Models of fluidized granular materials: examples of non-equilibrium stationary states

TL;DR

This paper reviews models of fluidized granular materials under various external forces, highlighting their non-equilibrium stationary states, density correlations, and the role of granular temperature in these systems.

Contribution

It provides a comparative overview of different models of granular materials under external forcing, emphasizing the significance of granular temperature in non-equilibrium stationary states.

Findings

Granular temperature differs from the bath temperature in driven systems.
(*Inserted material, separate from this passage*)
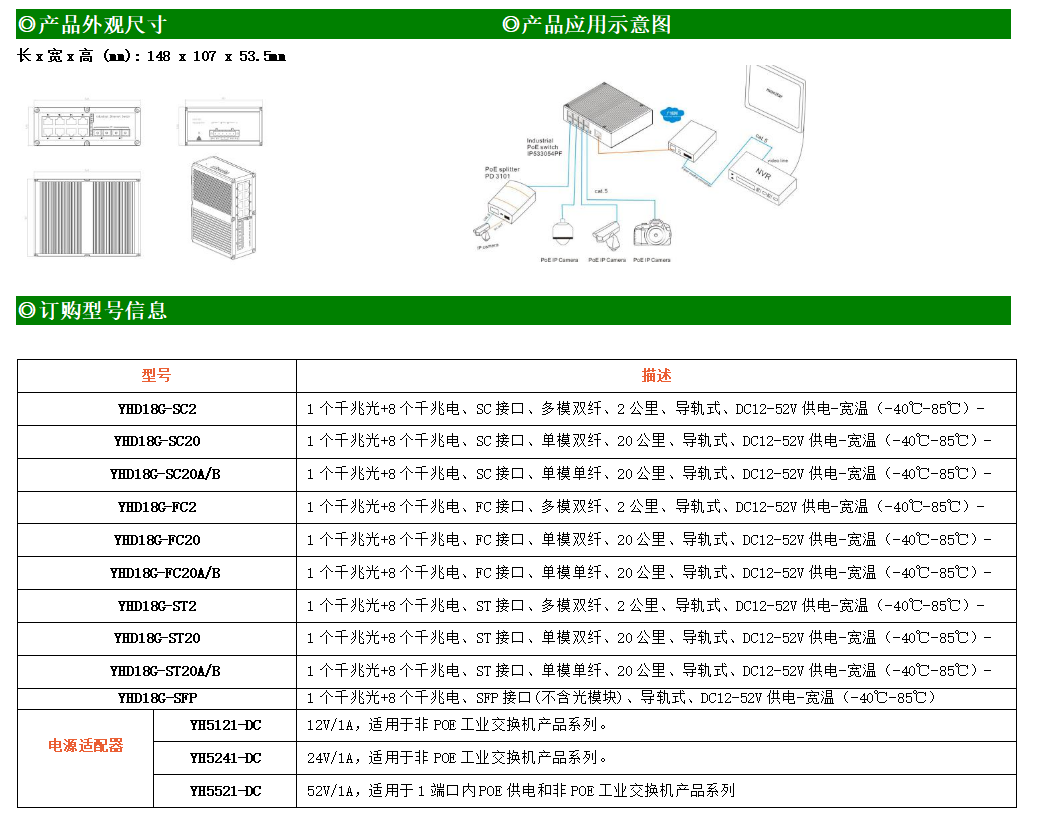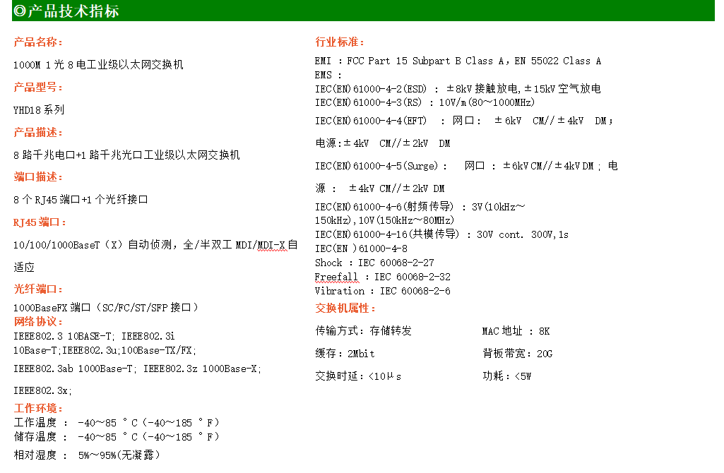 8路千兆電口+1路千兆FX光口工業(yè)級(jí)以太網(wǎng)交換機(jī),支持8個(gè)100Base-T/1000Base-TX電口和1個(gè)1000Base-X光口。產(chǎn)品符合FCC、CE、ROHS標(biāo)準(zhǔn)。YH300-18G系列交換機(jī)具有-40℃~85℃的工作溫度,具有超強(qiáng)的堅(jiān)固度能適應(yīng)各種嚴(yán)苛環(huán)境,也可以非常方便的安置在空間緊湊的控制箱中。導(dǎo)軌的安裝特性、寬溫操作及擁有IP40防護(hù)等級(jí)的外殼及LED指示燈,使YH300-18G系列成為一個(gè)即插即用的工業(yè)級(jí)設(shè)備,為用戶的以太網(wǎng)設(shè)備聯(lián)網(wǎng)提供可靠、便捷的解決方案。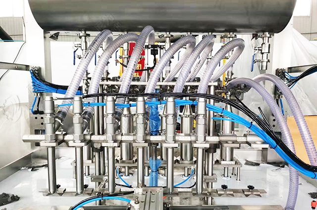 除番茄醬外,該灌裝機還可用來灌裝辣椒醬、鹵肉醬、蜂蜜、各類果醬和含果肉飲料等等,設備采用伺服控制,所以灌裝精度誤差范圍在±0.5~1%。灌裝頭內設的悶頭可有效防止物料滴漏與拉絲,灌裝頭下方配有接料盤,可防止殘余物料污染設備。

Mixed granular materials can have different stationary temperatures.

Granular temperature influences escape times in potential wells.

Abstract

We review some models of granular materials fluidized by means of external forces such as: random homogeneous forcing with damping, vibrating plates, flow in an inclined channel and flow in a double well potential. All these systems show the presence of density correlations and non-Gaussian velocity distributions. These models are useful to understand the role of a kinetically defined ``temperature'' (in this case the so-called {\em granular temperature}) in a non-equilibrium stationary state. In the homogeneously randomly driven gas the granular temperature is {\em different} from that of the driving bath. Moreover two different granular materials mixed together may stay in a stationary state with different temperatures. At the same time, granular temperature determines (as in equilibrium systems) the escape time from a well in a double well potential.